Distributionally Robust Safety Verification of Neural Networks via Worst-Case CVaR
Published on arXiv
2509.17413
Input Manipulation Attack
OWASP ML Top 10 — ML01
Key Finding
Proposed SDP-based framework provides tail-risk-aware safety certificates that systematically trade conservatism for tolerance to worst-case distributional tail events while preserving the computational tractability of prior QC/SDP verification methods.

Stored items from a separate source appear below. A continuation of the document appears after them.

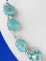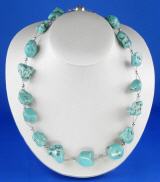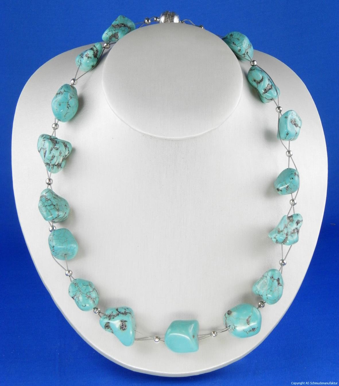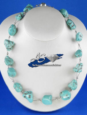 aus ca. 15-16 türkisfarbenen Howlith Nuggets, silberfarbenen Elementen (alternativ gold) und Magnetverschluß, Länge ca. 45 cm.
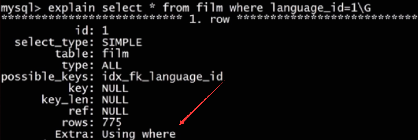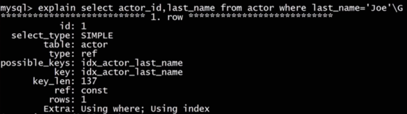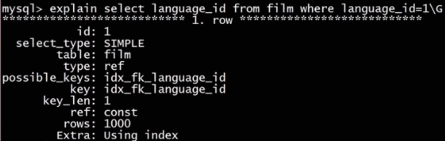 | id | select_type | table | type | possible_keys | key | key_len | ref | rows | Extra |
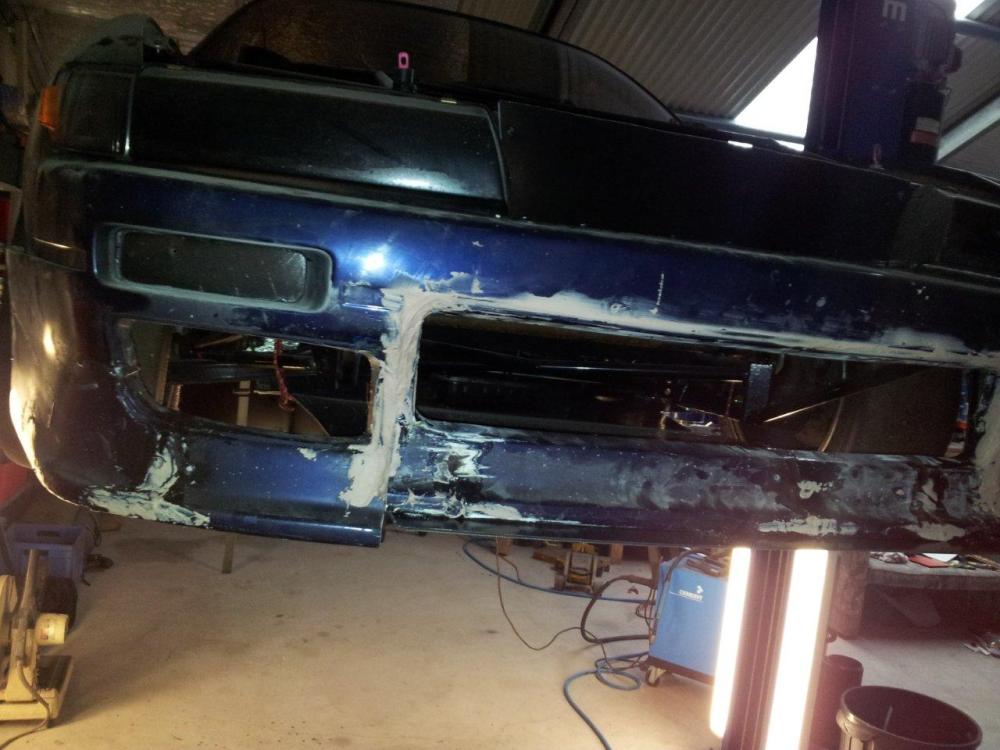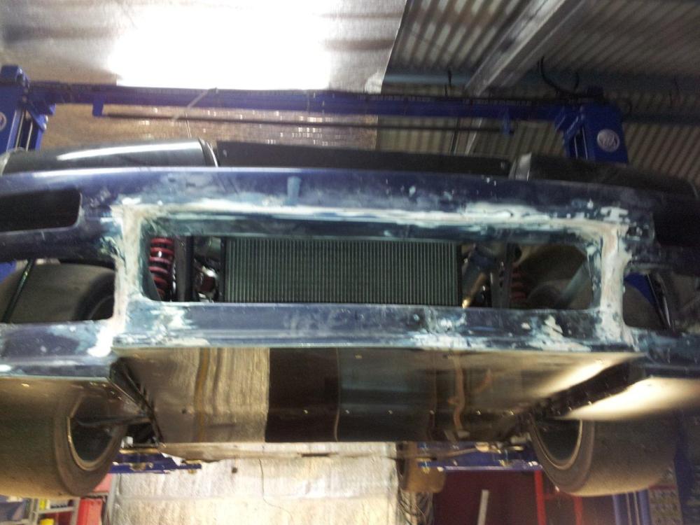 I’ve cut out a section of the front bumper, and raised it up higher. This creates a diverging ramp under the nose of the car, speeding up the airflow creating a low pressure under the car, sucking it to the ground (well that’s the theory anyway!)

WC-CVaR QC/SDP Verification
Novel technique introduced
Ensuring the safety of neural networks under input uncertainty is a fundamental challenge in safety-critical applications. This paper builds on and expands Fazlyab's quadratic-constraint (QC) and semidefinite-programming (SDP) framework for neural network verification to a distributionally robust and tail-risk-aware setting by integrating worst-case Conditional Value-at-Risk (WC-CVaR) over a moment-based ambiguity set with fixed mean and covariance. The resulting conditions remain SDP-checkable and explicitly account for tail risk. This integration broadens input-uncertainty geometry-covering ellipsoids, polytopes, and hyperplanes-and extends applicability to safety-critical domains where tail-event severity matters. Applications to closed-loop reachability of control systems and classification are demonstrated through numerical experiments, illustrating how the risk level $\varepsilon$ trades conservatism for tolerance to tail events-while preserving the computational structure of prior QC/SDP methods for neural network verification and robustness analysis.
Key Contributions
- Extends Fazlyab's QC/SDP neural network verification framework to incorporate Worst-Case Conditional Value-at-Risk (WC-CVaR) over a moment-based distributional ambiguity set
- Derives SDP-checkable safety conditions that explicitly account for tail risk, broadening input-uncertainty geometry to ellipsoids, polytopes, and hyperplanes
- Establishes a formal equivalence between WC-CVaR and confidence-ellipsoid methods on special ellipsoidal sets, with numerical validation on closed-loop reachability and classification tasks
🛡️ Threat Analysis
Proposes a certified robustness / safety verification method for neural networks under input perturbation — extending QC/SDP-based robustness analysis (a known ML01 defense technique) with distributionally robust WC-CVaR to provide formal safety certificates against worst-case tail-event inputs.